Risk factors: The value of the Fund’s shares will change, and you could lose money on your investment. Investing in small-cap stocks may carry more risk than investing in stocks of larger more well-established companies. The Fund may invest in Initial Public Offerings (IPOs), which can have a significant positive impact on the Fund’s performance that may not be replicated in the future. An investment in the Fund is not a bank deposit and is not insured or guaranteed by the Federal Deposit Insurance Corporation or any other government agency. Not all funds or fund classes may be offered at all broker/dealers. These and other risks are more fully described in the Fund’s prospectus.
The Russell 2000 Growth Index is an unmanaged index comprised of securities that represent the small cap sector of the stock market. It is not possible to invest directly in an index.
Top 10 equity holdings as a % of net assets as of 05/31/2020: Five9, Inc. 3.4, Teledoc Health, Inc. 2.9, Mercury Computer Systems, Inc. 2.7, Wingstop, Inc. 2.7, Monolithic Power Systems, Inc. 2.3, Proofpoint, Inc. 2.1, Varonis Systems, Inc. 2.1, Globant SA 2.0, Knight Transportation, Inc. 2.0, CareDx, Inc. 2.0.
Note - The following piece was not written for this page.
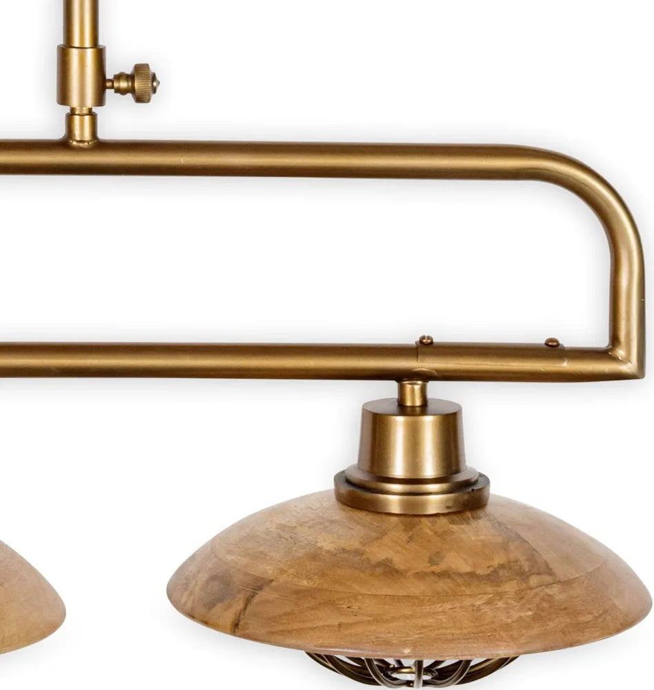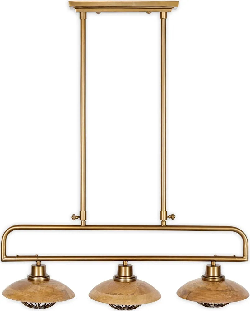 CONDITION: As new in good condition as pictured, but box open. Might have an odd pre handling mark. Please see our pictures. MANUFACTURER’s DESCRIPTION: Elevate your dining area with the Nkuku Chakai Mango Wood 3 Bar Pendant Light. Featuring a unique blend of natural mango wood and antique brass, this one-size bar adds a distinctive touch to your dining space, casting a warm, ambient light. Suspended on a solid frame, the height of the elegant Chakai dinner pendant is fully adjustable.

The impact of COVID-19, and other infectious illness outbreaks that may arise in the future, could adversely affect the economies of many nations or the entire global economy, individual issuers and capital markets in ways that cannot necessarily be foreseen. In addition, the impact of infectious illnesses in emerging market countries may be greater due to generally less established healthcare systems. Public health crises caused by the COVID-19 outbreak may exacerbate other pre-existing political, social and economic risks in certain countries or globally. The duration of the COVID-19 outbreak and its effects cannot be determined with certainty.